The rumors that Nokia Corporation NOK was looking to buy Juniper Networks JNPR for around $16 billion were making rounds late yesterday. In fact, the Juniper stock surged in double-digits in after-hours trading, following media reports that Nokia was in talks with Juniper pertaining to its takeover.
The speculations regarding the buyout were, however, put to rest when Nokia issued a statement to the contrary. In its press release the company declared that "Nokia is not currently in talks with, nor is it preparing an offer for, Juniper Networks related to an acquisition of that company." Following Nokia’s denial, shares of the network-equipment maker lost a lion’s share of its after-market gains.
In fact, rumors pertaining to Nokia taking over Sunnyvale, California-based Juniper to bolster its networks unit are not new. Speculations on this issue had surfaced in 2014 as well. Though the companies did not merge at that time, they inked a deal to expand their alliance for advancing telco cloud.
Though Nokia, which carries a Zacks Rank #3 (Hold), has denied its interest in Juniper, the former has been quite active on the acquisition front. In April 2015, the Finland-based company had acquired Alcatel-Lucent for approximately $16.6 billion.

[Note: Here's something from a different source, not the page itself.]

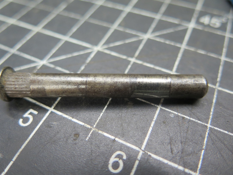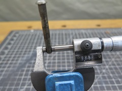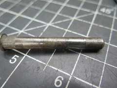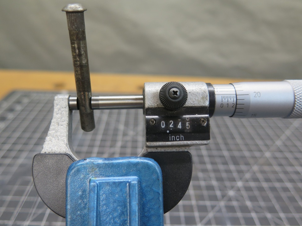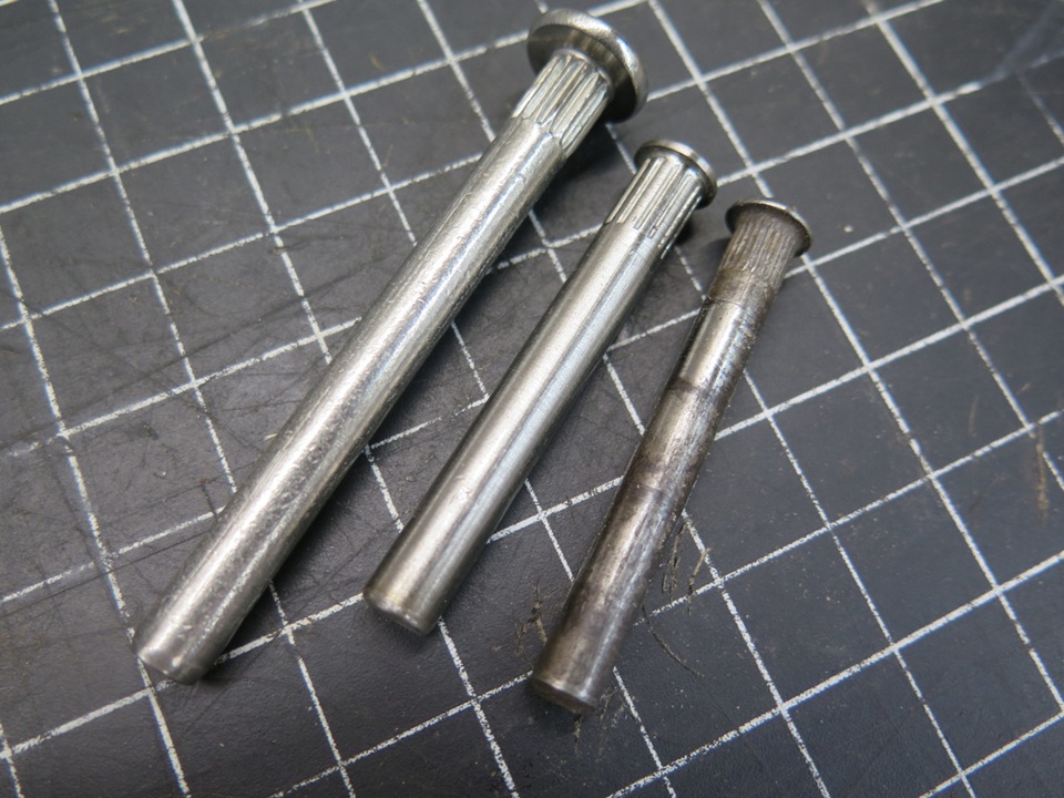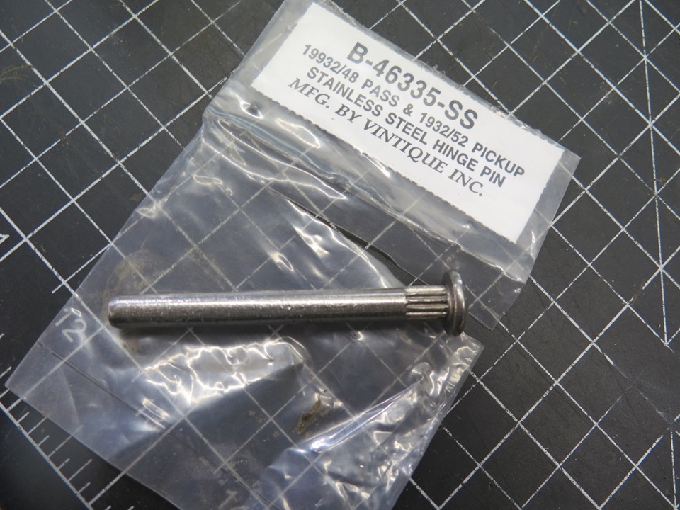 Possibly someone somewhere makes oversized pins for MGA hinges, but I didn't find them. I did a wider search. The pins needed to be larger than the original 1/4", but not too much larger, because of the limited size of the knuckles. I finally read that pins for old Ford pickup trucks might work. I ordered some. They are stainless steel. These pins measured between 0.277" and 0.278"--just big enough to remove any wear in the bores.

From the buyout, Nokia expects to realize annual operating cost synergies €1.2 billion in 2018. You can see the complete list of today’s Zacks #1 Rank (Strong Buy) stocks here.

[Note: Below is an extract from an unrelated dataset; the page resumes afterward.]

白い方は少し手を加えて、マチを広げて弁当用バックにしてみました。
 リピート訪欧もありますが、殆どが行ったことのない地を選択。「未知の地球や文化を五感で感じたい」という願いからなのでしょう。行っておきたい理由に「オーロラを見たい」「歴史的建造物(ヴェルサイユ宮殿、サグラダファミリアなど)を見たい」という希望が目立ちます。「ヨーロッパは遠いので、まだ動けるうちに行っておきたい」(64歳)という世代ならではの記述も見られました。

Also, the licensing and business partnership with Apple AAPL that was signed earlier this year is a positive for Nokia. Following the deal, the company got an up-front payment in cash from Apple, which boosted Nokia’s balance sheet. Earlier in November, Nokia signed an agreement with China Unicom CHU to deploy small cells in China.
We are, however, concerned about Nokia’s primary division’s – the Networks unit — below-par performance. What is worse is that the company does not expect this segment to show any recovery in the near future. Currently, it expects the primary addressable market for the Networks unit to decline in the band of 4% to 5% compared with 3% to 5%, projected earlier. In 2018, the market is expected to decline in the band of 2% to 5% as well.
The Hottest Tech Mega-Trend of All
Last year, it generated $8 billion in global revenues. By 2020, it's predicted to blast through the roof to $47 billion. Famed investor Mark Cuban says it will produce "the world's first trillionaires," but that should still leave plenty of money for regular investors who make the right trades early.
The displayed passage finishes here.